Looking further for Reischauer or someone comparable in stature in the nonpolitical sphere, I hit on a letter to The New York Times on Aug. 20, 1995, “Who Saved Kyoto? Some Say Stimson.” It said that Reischauer himself denied the credit was his, noting that how the war secretary kept Kyoto off the target list was “documented by Otis Cary in the Japan Society Newsletter 1978.”

Otis Cary (1921-2006), who grew up in Japan as a missionary’s son and became a language officer with Donald Keene during the war, went back to Japan in 1945 as part of the Occupation. In 1947, he became the permanent representative of his alma mater, Amherst College, at Doshisha. Doshisha’s founder, Jo Niijima (Joseph Hardy Neesima: 1843-1890), was the first Japanese graduate of the college.

I happen to know Otis Cary’s translator and interpreter daughter Beth, so I asked her to kindly send me her father’s article on who saved Kyoto from the atomic bomb. In response, Beth sent me not one but two articles, and both had appeared in the Japan Quarterly, the first one in 1975, the second in 1979.

Cary’s first article, “The Sparing of Kyoto: Mr. Stimson’s ‘Pet City,’ ” reads like a detective story.

The idea of a single American saving Kyoto from bombing started around Florence Denton (1857-1947), a missionary and educator at Doshisha Women’s College who had stayed in Japan throughout the war.

In time, Langdon Warner (1881-1950) replaced her as “the savior” of Kyoto among Japanese people. Warner, a Harvard graduate who had moved to Japan and studied with Tenshin Okakura, became curator of Harvard’s Fogg Museum. He stoutly denied any role in atomic salvation, but monuments were erected for him in Nara and Kamakura, Kanagawa Prefecture, anyway.

Otis Cary says that it was Charles Cole, president of Amherst, visiting Japan in 1953, who told him who “the savior” may well have been. John J. McCloy, then chairman of the Amherst College board of trustees, recalled for Cole how, in spring 1945, when he was assistant secretary of war, his boss Henry Stimson one day asked him, “Would you consider me a sentimental old man if I removed Kyoto from the target cities for our bombers?” Stimson was 78 at the time.

With Cole’s story, Cary’s effort began to ascertain who had actually helped Kyoto escape the atomic hellfire, until, years later, he concluded that Stimson indeed was the one.
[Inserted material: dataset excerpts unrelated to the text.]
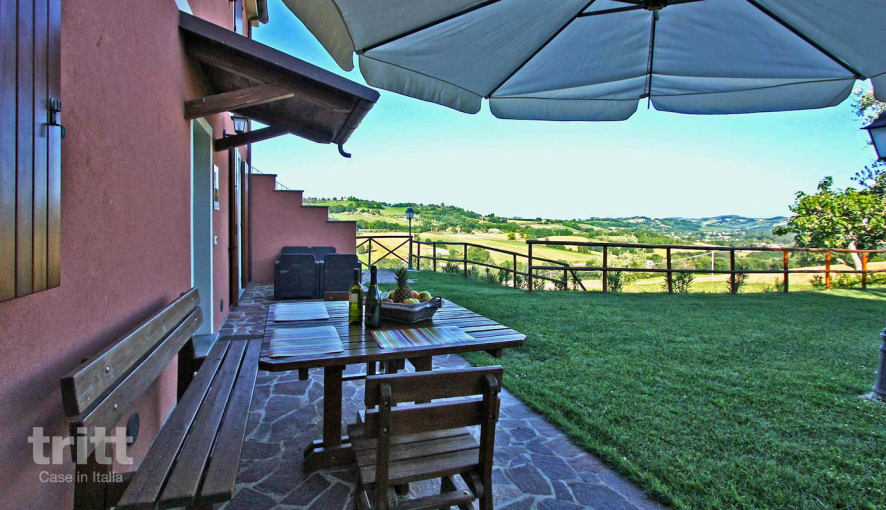 Eine attraktive Wohnung für 4 Personen befindet sich in einem ruhigen, grünen Gebiet mit Blick auf Olivenhaine und sanfte Hügel. Im großzügigen Garten kann man am Pool mit Whirlpool entspannen, verschiedene Sitzbereiche genießen und abends einen schönen Grillabend genießen. Mit den Stränden und dem lebhaften Pesaro, das nur eine kurze Autofahrt entfernt ist, ist diese Residenz eine ideale Kombination aus Ruhe, Natur sowie Ausflügen an die Küste und Kultur.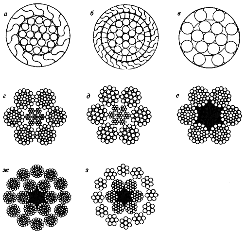 Рис.6. Канаты проводниковые эксплуатационных и проходческих подъемов: а - по ГОСТ 3090-73; б - по ГОСТ 7675-73; в - полузакрытые; г - по ГОСТ 7669-80; д - по ГОСТ 7667-80; е - по ГОСТ 7668-80, ТУ 14-4-1444-87; ж - по ГОСТ 16827-81; з - по ГОСТ 16828-81.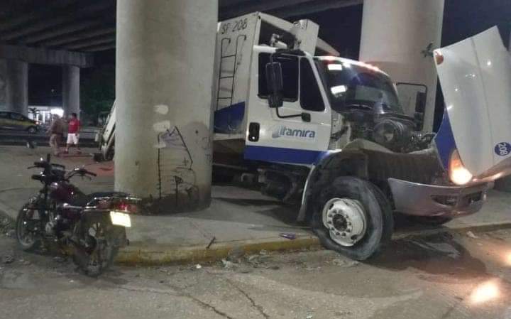 La pesada unidad se desplazaba a exceso de velocidad quedando incrustado entre los soportes del paso a desnivel sobre el boulevard Allende , por fortuna no hubo vehículos, ni personas lesionadas por esta incompetencia del chófer de la unidad.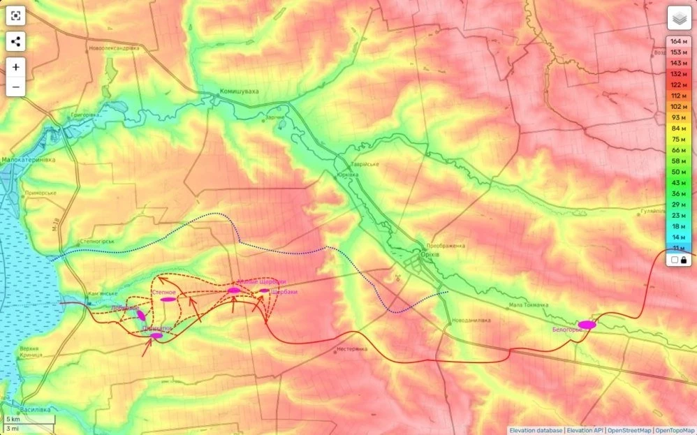 В свою очередь на Запорожском направлении российские части сосредоточились для штурма Каменского. Крупного села на побережье бывшего Каховского водохранилища, не взяв которого идти дальше на север было бы рискованно.
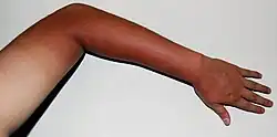 Le bronzage[1] est le phénomène de pigmentation par lequel la peau prend une couleur plus foncée en réaction à l'exposition à un rayonnement ultraviolet (UV) d'origine naturelle (comme le Soleil) ou artificielle (lampe à rayons ultraviolets). Cette réaction physiologique permet de renforcer la photoprotection cutanée.

To go back to the American Zen master Richard Baker, in one class Reischauer cited Basho’s “pond-frog” haiku, and said, “Well. I never understood it. I still don’t get it.” Baker, who was “in this semi-satori experience of light and bliss” to hear the haiku, left Harvard shortly after that, forever.

Otis Cary’s other article, “Atomic Bomb Targeting — Myths and Realities,” documents the militaristic and scientific process of selecting the cities for atomic targeting in which Kyoto remained at the top to the end. It is an irony that the man who presided over military destruction helped save a number of cultural legacies for posterity for “sentimental” reasons.

Hiroaki Sato is an essayist and translator based in New York.